Speaker
Description
The extragalactic background light (EBL) encodes the integrated emission history of all extragalactic sources and serves as a key probe of star formation and galaxy evolution. Gamma-ray observations offer a unique method to measure the EBL through the energy-dependent attenuation of blazar spectra via pair production with EBL photons. We present complementary EBL measurements spanning GeV to TeV energies. Using 15 years of Fermi-LAT data and 1576 blazars, we detect EBL attenuation at ~23 sigma significance and measure the optical depth across 19 redshift bins out to z ~ 4.3, providing the most precise GeV determination of the EBL to date. At very high energies, we analyze 268 spectra from 45 sources observed with Imaging Atmospheric Cherenkov Telescopes, finding that seven EBL templates require only ≤10% rescaling to match the observed attenuation.
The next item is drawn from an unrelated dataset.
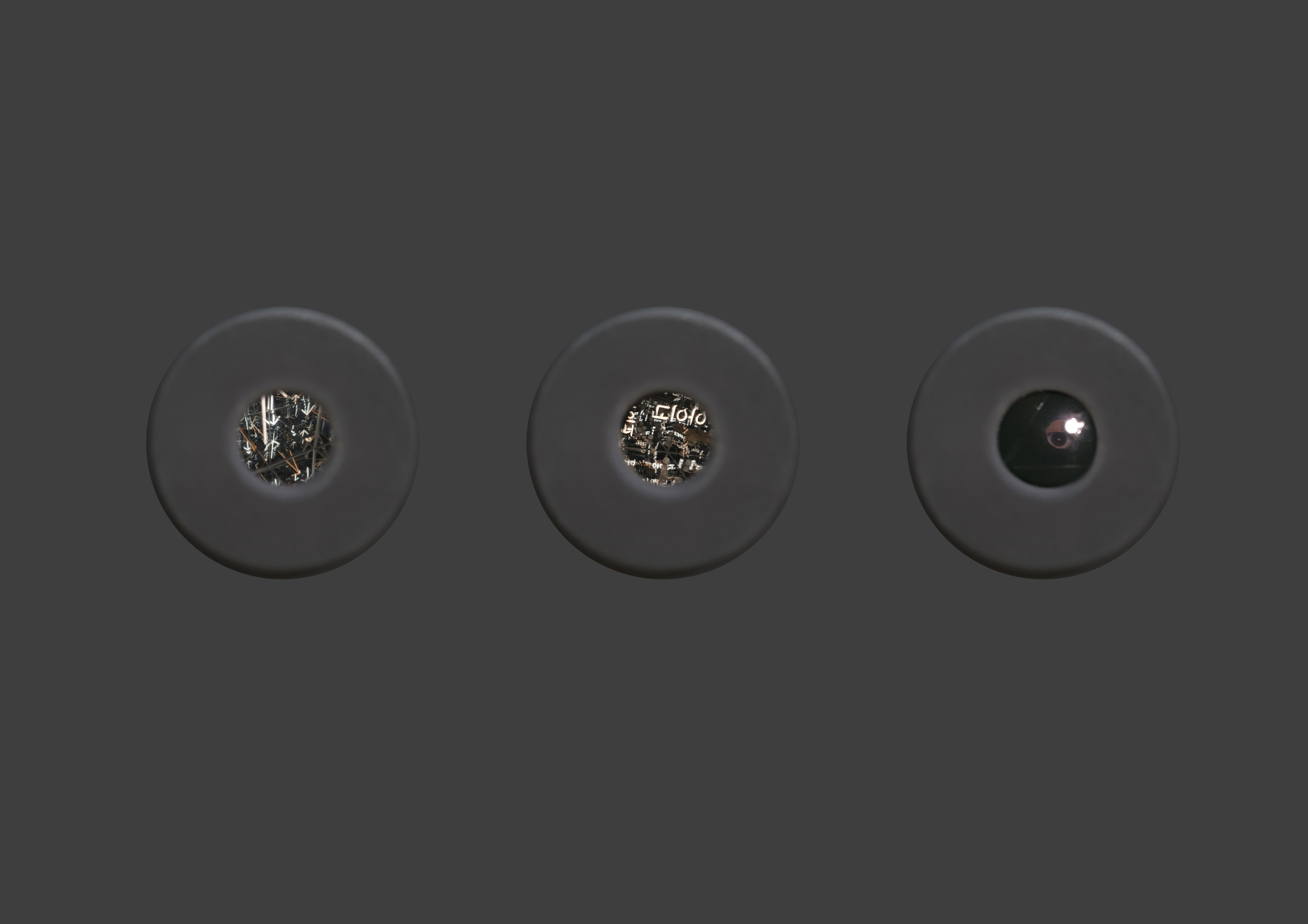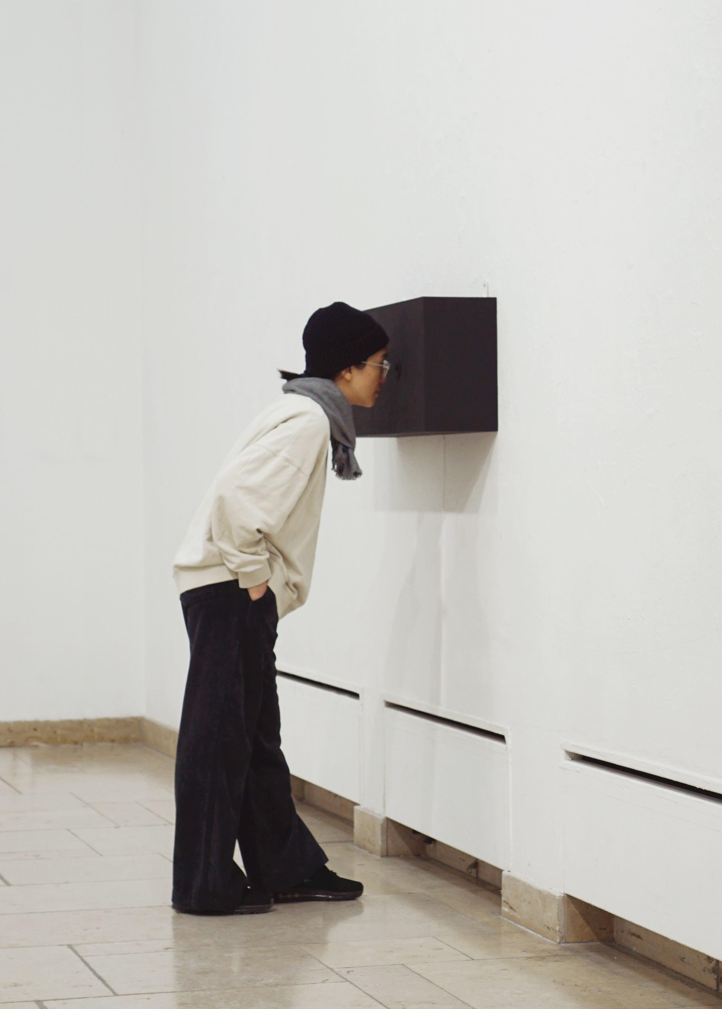 A black wooden box has three holes, and when someone looks into each one, a different space unfolds inside.

Combining GeV and TeV optical depths, we reconstruct the local EBL intensity at z = 0 using both empirical and physically motivated models. The reconstructions agree with integrated galaxy counts to within 2-3 nW m⁻² sr⁻¹ over 0.5-30 μm, while the near-IR excess reported by IRTS and CIBER is disfavored at 3-5 sigma. These results indicate that known galaxy populations account for most of the optical-to-near-IR background.